Is it so hard to see, that the consequences were never "you are blocked from entering your country"? As in "unheard of". For a crime thats supposed to be "joining something". Whatever thats supposed to mean. (I dont think joining anything is a crime... Lets see.. what would be the most outrageous example? Joing Putins elite guard. Not a crime. Joining Saddams Elite slingshot batallion. Not a crime. Joining some warlords organization in Afghanistan. Not a crime. Joining a group of people taking airplane training lessons to do another 9/11. Not a crime. (Not if you arent actively becoming an accomplice.) Lets say you get to know what they are planning, and dont tell anyone. If thats all you are doing you would be treated as a "accessory after fact" with a max sentence of one year in prison (roughly). And thats law being enacted in your own country.

Most crimes you did in other countries, you arent even liable for in  your own country. Ever. (Extradition programs are most often the closest thing.)

We have established, that "terrorism" is an exception. (Extraterritoritorial law), but thats for terrorism. As in committing the act. Or aiding to commit the act. Not for joining the organization.

And even if you did terrorism, and extraterritoral law goes into effect, you still will be sentenced in country - you dont loose citizenship.

The only way they possibly can delay you entry to your home country is "immanent danger" and they probably cant even strip your citicenship for that.

In the US case the responsible department did it by suddenly telling everyone, she was never a citizen legally - although she was.

In the UK case they did it by arguing that Shamima Begum was eligable for a citizenship in Bangladesh. So basically a case, where Britain claims "dual citizenship". And then revokes one.

None of that is "the consequences you face for joining - anything" - Its just a PR move that apparently is supposed to send a message - although it is unclear what message that would be..  (Dont become a dual citizen? Dont get effed over by the legal department acting probably illegally?)
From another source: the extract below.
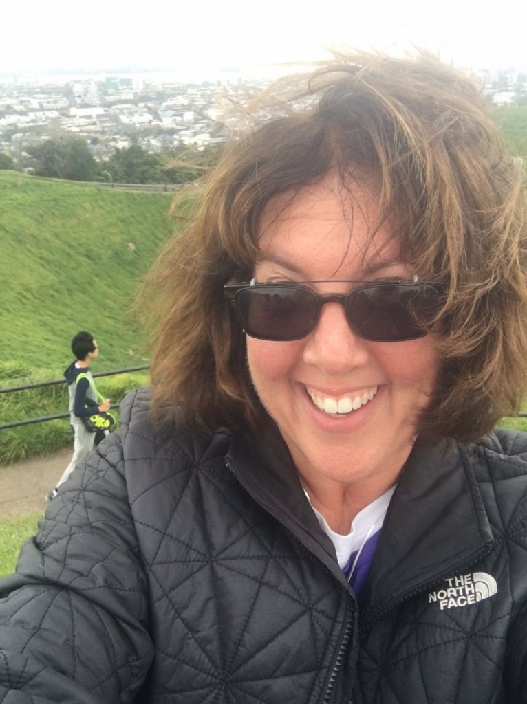 This photo was taken at the top of Mount Eden in Auckland, standing on the rim of a volcanic crater with incredible views of the city. It’s one of those places where you want to stop, take it all in, and capture the moment with a selfie.

Look at the French Foreign Legion (https://en.wikipedia.org/wiki/French_Foreign_Legion) which is basically an army for hire for anyone who wants to join. Even to fight against their own country. They offer citizenship to any soldier that gets injured in battle. But not before.  So that would have been an extremely bad model, if as soon as people from conflict countries (as in in conflict with the french) joined, they would have lost their citizenship. They didn't. 

But now because of one word (Terror) that all is supposed to change. In reality it isnt anyway. The cases we have seen are legal overreaches and specific legal feints to be able to very publically make those cases. But its never how thats normally supposed to work. Its just populistic politics. "Look at this one case where we act in accordande with public morals! (- but propably against the law). Isolated cases. Other than for effect, it means nothing.


----------



## notimp (Mar 3, 2019)

This is how you do it legally. Curiously even shown in the example of Shamima Begums husband (the 'terrorist' she married).


> The Dutch husband of Shamima Begum, the teenager who fled the UK to join Isis, has said he wants to return to the Netherlands with his wife and newborn son.
> 
> Speaking to the BBC, Yago Riedijk, 27, said he rejected Islamic State, who reportedly tortured him on suspicion of being a Dutch spy.
> 
> He admitted to fighting for Isis and may face a six-year jail sentence if he returns to the Netherlands.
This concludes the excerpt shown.